Suppose that the positive integer n has the property that $\displaystyle n + \sigma(n)$ is divisible by 3.

if $\displaystyle n = pq$, where $\displaystyle p$ and $\displaystyle q$ are distinct odd primes with$\displaystyle p < q$, then p = 3 and $\displaystyle q \equiv 5 (mod 6$).

if $\displaystyle n = pq$ then

$\displaystyle n + \sigma(n) = pq + (pq+ p + q + 1) = 2pq + p + q + 1$

working modulo 3, p can take any of the values 0, 1, 2 but q can take only values 1 or 2 since $\displaystyle q > 3$ is prime.

Now, I can understand why p can only take values 0, 1, 2, but why can q only take values 1 or 2? q > 3 is prime? I don't understand what is meant by this.

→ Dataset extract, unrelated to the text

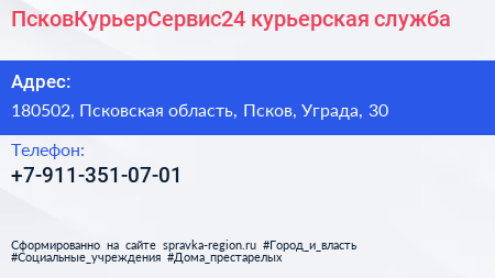 ПсковКурьерСервис24, курьерская служба по адресу 180502, Псковская область, Псков, Уграда, 30 в дальнейшем Организация, размещена в следующих категориях:

Obviously and $\displaystyle q > 3$ is not prime for all q, and if q is defined as a odd prime this is just a pointless statement, so what does it mean and why does it put restrictions on what values q can take modulo 3?
• Jun 6th 2014, 09:40 AM
romsek
Re: Congruence problem?
reading this I'm not sure what you're trying to prove and I'm not convinced you understand what $\sigma(n)$ means.

Could you post the original problem?
• Jun 6th 2014, 10:01 AM
SlipEternal
Re: Congruence problem?
If a number is congruent to 0 modulo 3, that means it is divisible by 3. But, $\displaystyle q$ is a prime greater than 3, so it is not divisible by 3. Since it is prime, it is only divisible by 1 and itself.
• Jun 6th 2014, 05:15 PM
alyosha2
Re: Congruence problem?
I think I see this now. Is it that as $\displaystyle p < q$ and $\displaystyle 3$ is the smallest odd prime, $\displaystyle q$ will always have to be larger than $\displaystyle 3$ to satisfy$\displaystyle p < q$? And seeing as $\displaystyle 3$ is the only prime modulo 0 to 3 it only leaves the other two least positive residuals 1 and 2 as possibilities.

$\displaystyle \sigma(n)$ is the sum of divisors of $\displaystyle n$.
• Jun 7th 2014, 01:51 AM
johng
Re: Congruence problem?
Hi,
Here's your problem as I understand it:
Let n=pq be the product of odd primes p and q with p<q. Assume 3 divides the sum $s=n+\sigma(n)=pq+(p+1)(q+1)$. Then p is 3 and q is congruent to 5 mod 6.
Hints on the proof:
First suppose 3 does not divide n; i.e. neither p nor q is 3. Then both p and q are non-zero mod 3. Consider the possibilities for p mod 3 and q mod 3.
1. Both are 1 mod 3. Then s is $1+2\cdot2=2$ mod 3, a contradiction.
2. Similarly for both 2 mod 3.
3. Similarly for one is 1 mod 3 and the other is 2 mod 3.
So 3 divides n and thus p=3.
Once p=3, you should be able to quickly get that q is congruent to 5 mod 6 by first showing that q is 2 mod 3 and then use the fact that q is odd.